Regarding the sonic composition of the project, Carlile explained "Brandy is one of the greatest songwriters I've ever known. And I feel like I now know exactly who Brandy Clark is through the portal of this singular brilliantly written album. When I heard the songs for this album, they took me back to the first time I heard Car Wheels on a Gravel Road. I was thinking about Tom Petty, The Pretenders, Kim Richey, Sheryl Crow, Shelby Lynne and the soul of '90s Americana before it had a name. This is the time Brandy has chosen to reveal herself to the world as an artist and a woman and I was blessed beyond measure to be the person she trusted to support and facilitate that swan dive." She also praised Clarks artistry, stating "Brandy's voice is like a friend you've had your whole life the second you hear it. I know I'm not alone in feeling this way. This is her moment. This is the one. Sometimes an artist only gets one shot at an album like this in their life."

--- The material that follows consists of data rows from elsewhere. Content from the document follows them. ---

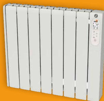
Emisores eléctricos con fluido
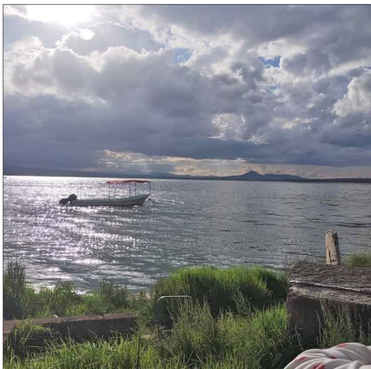
▲ Poco a poco la zona recupera su vocación turística y agrícola.

Antes del inicio del temporal, el secretario del Agua, Pedro Moczuma Barragán, asistió al Foro “Gestión de Ciclos y Fuentes Al-
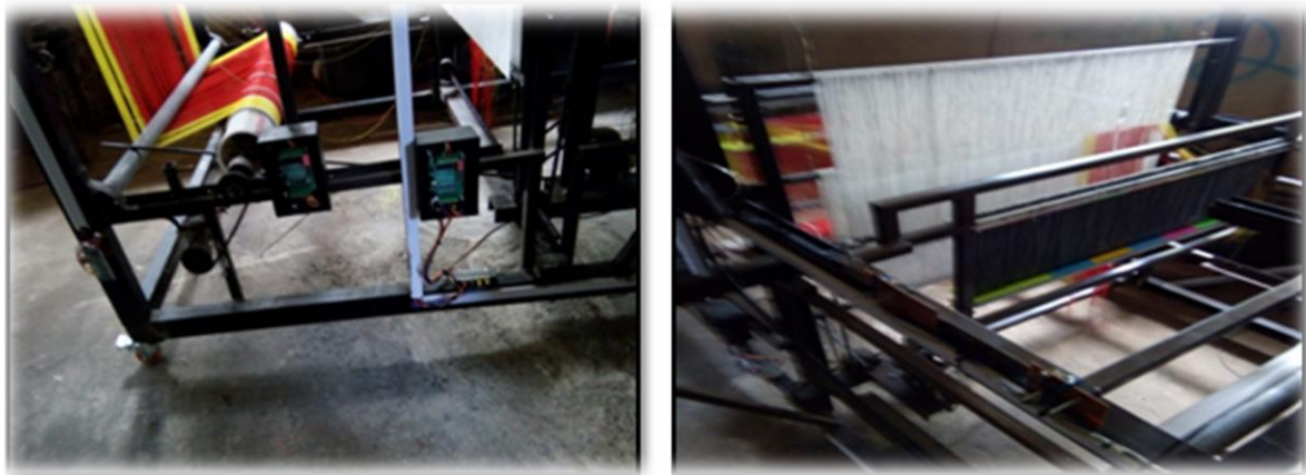
Gambar 3. Mesin Tenun Semi Otomatisasi
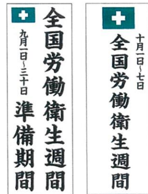
のぼり(大)1.09×0.38m 準備期間 (No.395) 本週間 (No.393) 各1枚
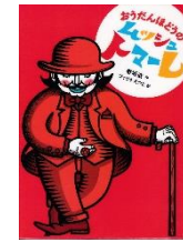
『おうだんぼどうの ムッシュトマーレ』 香坂直／作 フィリケえつこ／絵 小学館 2015年

気持ちがもやもやしたり、い つもの自分でいられないと き、おうだんぼどうの見はり 番、ムッシュ・トマーレはあ らわれます。その気持ちのま ま、物事を前に進めてもいい のか、トマーレは問いかけて きます。立ち止まって、ゆっ くり自分の気持ちを考え直 すことの大切さを教えてく れる1きつです。

"Come Back to Me", which Clark co-wrote with Shane McAnally and Trevor Rosen, previously appeared on Keith Urban's 2013 album Fuse.

==Reception==

 Album of the Year rates the consensus at 73 with six reviews.

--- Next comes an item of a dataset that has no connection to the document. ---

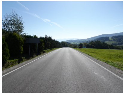
droga 1579K – Siekierczyna
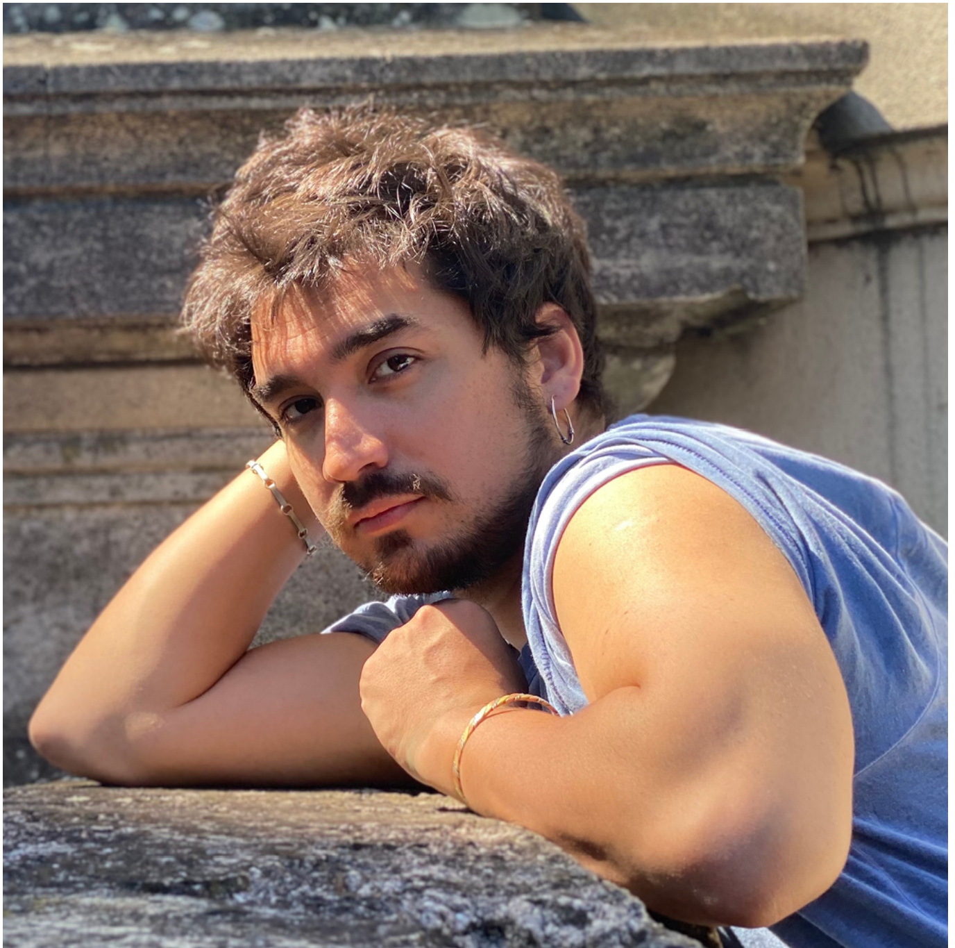
Portrait de Malicho Vaca Valenzuela © Malicho Vaca Valenzuela

Reviewing the album for AllMusic, Stephen Thomas Erlewine described the music as, "empathetic to the point it can seem almost invisible, letting Clark relax and sigh as she acknowledges insecurities and tells tales of heartbreak, steering away from both the clever wit and story songs that helped build her reputation." and declared, "It's not a break so much as a shift in focus: Clark's steady lyrical hand and clear voice are placed at the forefront, conveying a sense of quiet strength that seems to call out for the kind of unvarnished production that Carlile provides."

Professional ratings
Aggregate scores
| Source | Rating |
| Metacritic | 77⁄100 |
Review scores
| Source | Rating |
| AllMusic | Star Half star |

==Awards==
Brandy Clark was nominated for five 2024 Grammys related to the album, including Best Americana Album.[17] For "Dear Insecurity," Clark was nominated for Best Americana Performance and Best American Roots Song. For "Buried," she received Grammy nominations for Best Country Song and Best Country Solo Performance. Clark and her collaborator, Brandi Carlile, won the Grammy for Best Americana Performance for "Dear Insecurity." This was Clark's first Grammy win, after also having been nominated for Grammy awards 10 times from 2014 through 2022. In accepting the award, Clark was join onstage by Brandi Carlile.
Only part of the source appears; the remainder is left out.